Вблизи капитан Джари выглядел еще патриархальнее, чем издалека, напоминая выцветший акварельный портрет пророка, неким чудом отрастивший настоящие волосы. Тусклые водянисто-голубые глаза усиливали впечатление иллюзорности. Уильям еще никогда не видел человека настолько дряхлого и жилища настолько заброшенного.
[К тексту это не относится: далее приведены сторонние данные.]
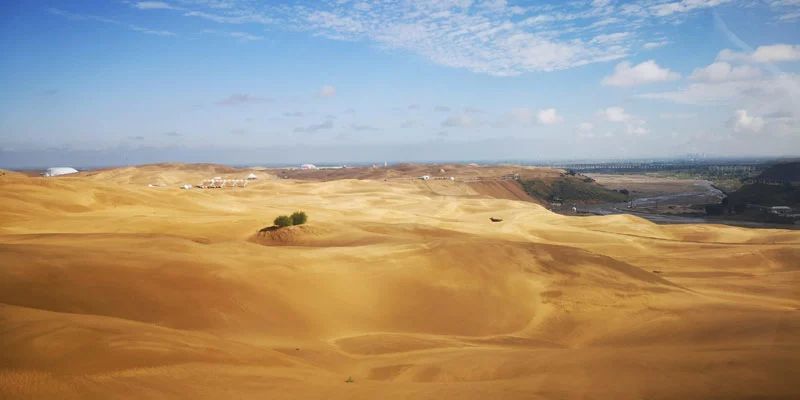 庫布其沙漠,位于鄂爾多斯臺地北部邊緣、黃河南岸,海拔高度1000~1400米,地勢由北向南呈階梯狀抬升,主要分布在鄂爾多斯市杭錦旗、達拉特旗,東西長365公里,南北寬約40公里,總面積1.86萬平方公里,是我國第七大沙漠。經過近30年的努力,庫布其沙漠治理面積達6000多平方公里,綠化面積達3200多平方公里,成為世界上唯一被整體治理的沙漠。

Куда ни глянь — запустение, пыль, мусор… В одном углу расколотая мандолина, в другом — костяшки домино, тут плотницкие инструменты, здесь модель корабля с поломанными мачтами, три подшивки «Английского иллюстрированного журнала», «Последние дни Помпеи» Литтона, Библия, несколько неизвестных книг без обложки, две немецкие трубки с длинным чубуком, половина флейты, засаленные игральные карты, пара часовых пружин и плешивое, изъеденное молью чучело обезьяны. Посреди этой свалки на краю земли восседал капитан Джари в ожидании гостей-соотечественников. Он успел накинуть вытертый голубой китель, но застегнуть его на заросшей груди не удосужился.
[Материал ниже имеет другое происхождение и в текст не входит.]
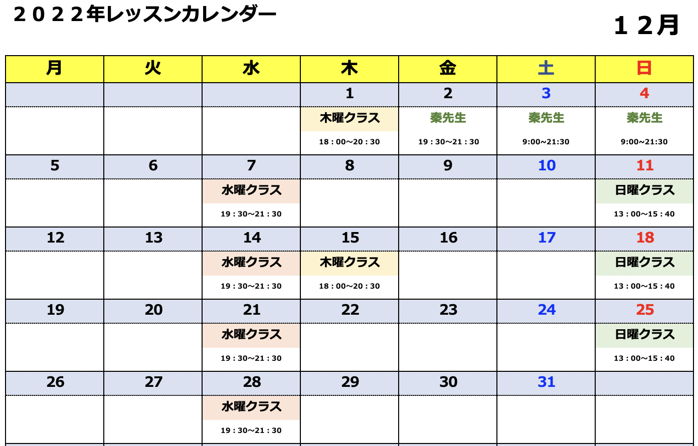 ※講師の体調や気象状況その他にてスケジュールが変更される場合や休校する場合もあります。
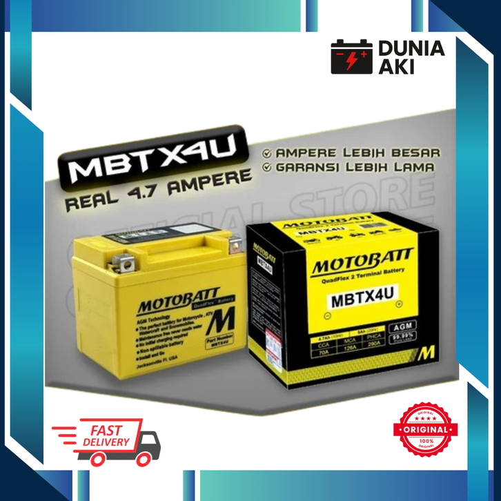 [Star] Aki Motor Motobatt Quadflex MBTX4U - 4.7Ah (Garansi 1 Tahun)
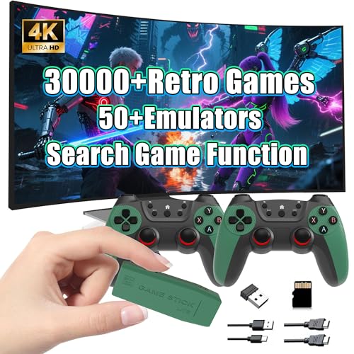 M22 U Retro Game Stick 4K, Retro Emulator Game Console with Built in 30000+ Retro Game 50+ Emulator, Plug and Play Retro TV Game, with 2.4G Wireless Controller, Support Search Games (64GB, Green)

— Да, — прошамкал он. — Родом я из Гримсби. Уехал в семьдесят восьмом, а с тех пор много воды утекло, джентльмены, ох, много. Я из Гримсби, и папаша мой был из Гримсби. Сорок лет в морях. Весь мир обошел под парусом. Никто из вас под парусом не ходил? — Он посмотрел на них своими линялыми глазами, подслеповатостью напоминающими окна в выселенном доме. Ответа он не ждал. — А потом пятнадцать лет на пароходе. Списался на берег, и вот уже двадцать лет, а может, больше, сижу тут. Думал, помирать пора, ан нет, еще одну семью тут завел, уже внуки пошли. — Он надтреснуто хихикнул. — Третья семья на моем веку, джентльмены. Еще одна у меня в Веллингтоне. Но я не новозеландец, вот уж нет. Я из Гримсби, хоть и уехал аж в семьдесят восьмом. Бывали там?
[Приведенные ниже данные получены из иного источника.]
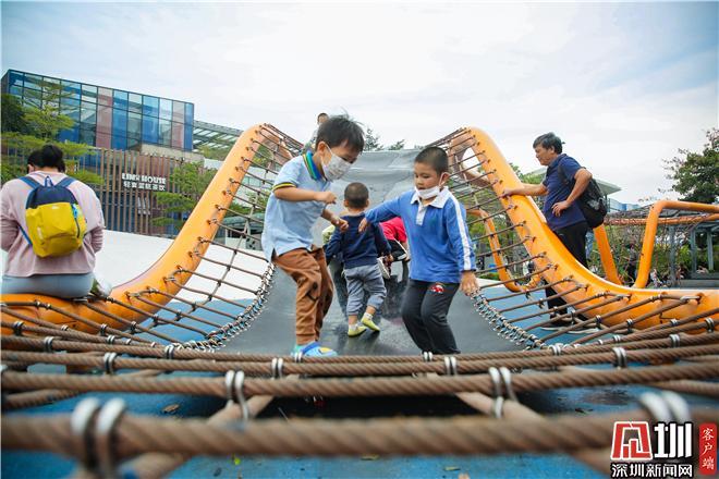 作为一个开放式的综合市政公园,盐田中央公园有不少值得打卡游玩的好去处。在“探索乐园”区域,有跷跷板、攀岩、滑滑梯等儿童专属玩乐项目。而整个公园内最显眼的当属一只由柔韧轻软的缆绳编织而成的巨型大章鱼,不仅外形可爱,更是该公园的主地标。这个巨型攀爬网架,可供十多个小朋友同时玩耍,波浪起伏的构造为攀爬增加了不少挑战难度。值得一提的是,这座大章鱼雕塑还是由大黄鸭的设计者——荷兰艺术家弗洛伦泰因•霍夫曼专门为盐田设计的。

Молчание затянулось. Пришлось двоим из гостей признать, что краем уха слышали про Гримсби. Капитан не отреагировал.
— Если прежде не довелось, — с едва заметным удовлетворением продолжил он, — то теперь и подавно не доведется. Гримсби больше нет. Гулля больше нет. Скарборо исчез. Говорят, и Ярмут пропал, хотя на этот счет не могу ничего сказать. Нельзя верить всему подряд. Но остальные канули, как не было.
— То есть как? — вытаращил глаза Рамсботтом.
— Сметены, взорваны, сожжены дотла, растащены по кирпичику, — ответил капитан Джари. — Все побережье кануло, камня на камне не осталось, так мне рассказывают. Сровняли с землей на последней большой войне. Нагрянули то ли русские, то ли немцы и все стерли в порошок, половину северо-восточного берега, а отстроить заново недосуг. Какой толк мне возвращаться, если бы даже я и захотел? Я родом из Гримсби, а Гримсби нет больше, приткнуться негде. Так ведь, джентльмены? Резонно. А еще говорят, половину Лондона смело, но до Лондона мне дела мало, я туда и носа не казал. Не совался со второго года.
Уильям и коммандер промолчали, не видя смысла разубеждать старика, витающего в собственных фантазиях, но Рамсботтом не сдержался.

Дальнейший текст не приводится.